The PR battle is probably just beginning.

Just hours before it was to go into effect New York City’s ban on big sugary beverages was struck down by New York State Supreme Court Justice Milton Tingling. He called the rules “arbitrary and capricious."

After New York proposed the ban last year, a group led by the American Beverage Association sued the city.

New York City Mayor Michael Bloomberg, who proposed the ground-breaking rule, has vowed to continue the fight. But so, too, will soda manufacturers and restaurants owners who argue that the ban encroaches on freedom of choice.

Michael W. Robinson, a senior VP at Levick Strategic Communications and chair of the firm’s Corporate & Public Affairs practice, provided several tips on how communicators can regroup when it comes to issues management.

1. On-the-ground resources are essential. Whether they are parents, small business owners or community leaders, your partners on the ground remain your best source of intelligence and the access point by which you have the ability to reach larger audiences. Cultivate relationships with influential locals who can act as your eyes, ears and mouth.
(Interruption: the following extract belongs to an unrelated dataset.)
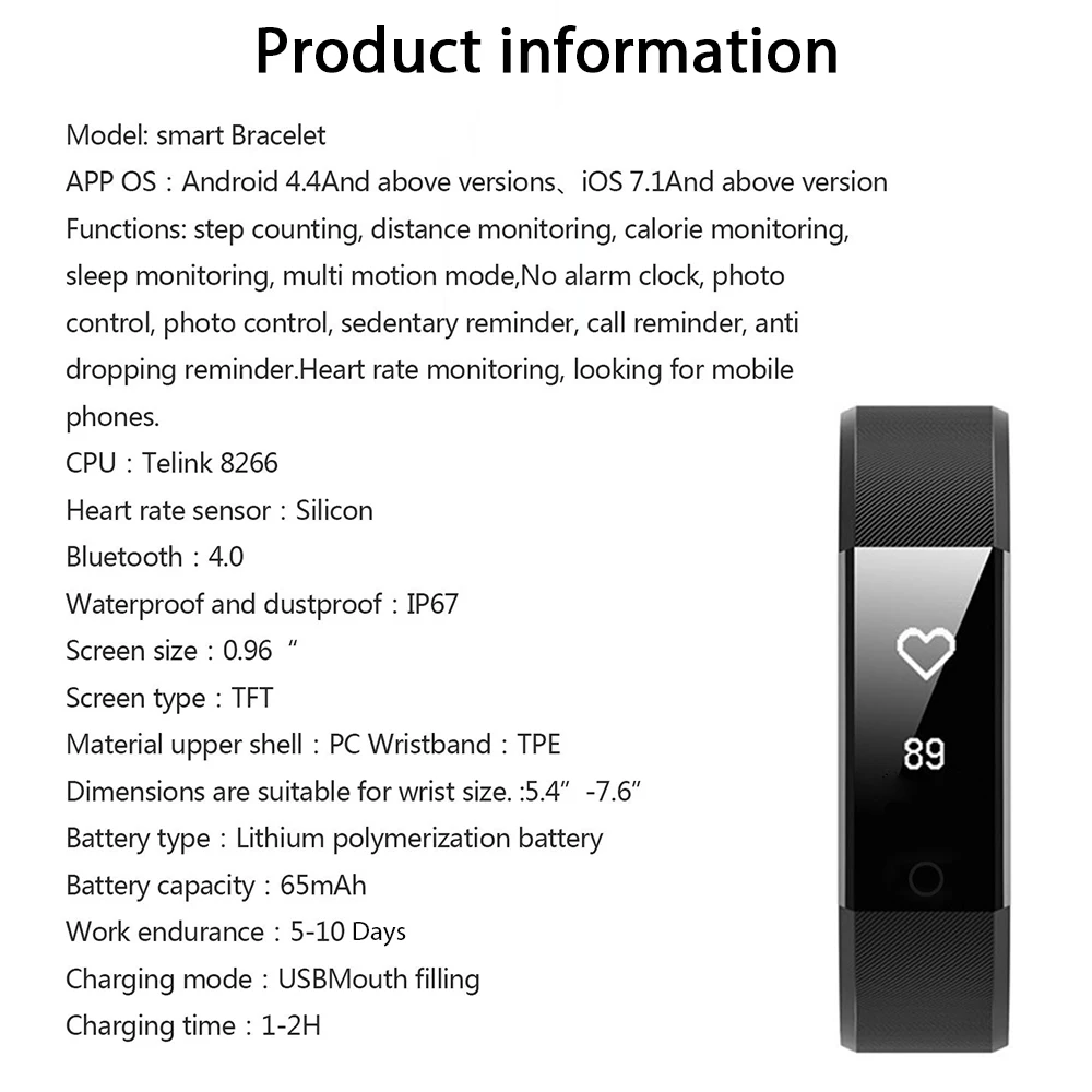 Function: Passometer,Fitness Tracker,Sleep Tracker,Message Reminder,Call Reminder,Remote Control,Push Message,Alarm Clock,Speed Measurement,Month,Moisture Measurement,Heart Rate Tracker,Calendar

2. Inject SEM into your paid media strategy. Today’s audiences turn first to the search engines for information. Search engine marketing (SEM) that ranks your messages above adversaries’ is imperative and can be applied immediately. What people read first creates a perception against which contradictory messages must swim upstream.

3. Traditional media still matter. People still watch TV and they still listen to radio. Even better, as these media compete with the instant nature of the Internet, they are looking to fill scheduling holes—ones that you can fill.

4. Remember the regulators. With Congress and statehouses increasingly mired in political gridlock, regulators’ influence and ability to take decisive action grows—and they are just as susceptible to grassroots advocacy as their legislative counterparts.

5. There is still no substitute for a rally on the statehouse steps. While 1,000 e-mails in a legislator’s inbox certainly send a message, it pales in comparison to 1,000 constituents lined up outside his or her office. While we live in a digital world, digital outreach alone won’t get you across the finish line. Policy makers need to be shown, not just told, how their decisions impact constituents’ lives. A show of force accomplishes that goal, generating earned media in the process.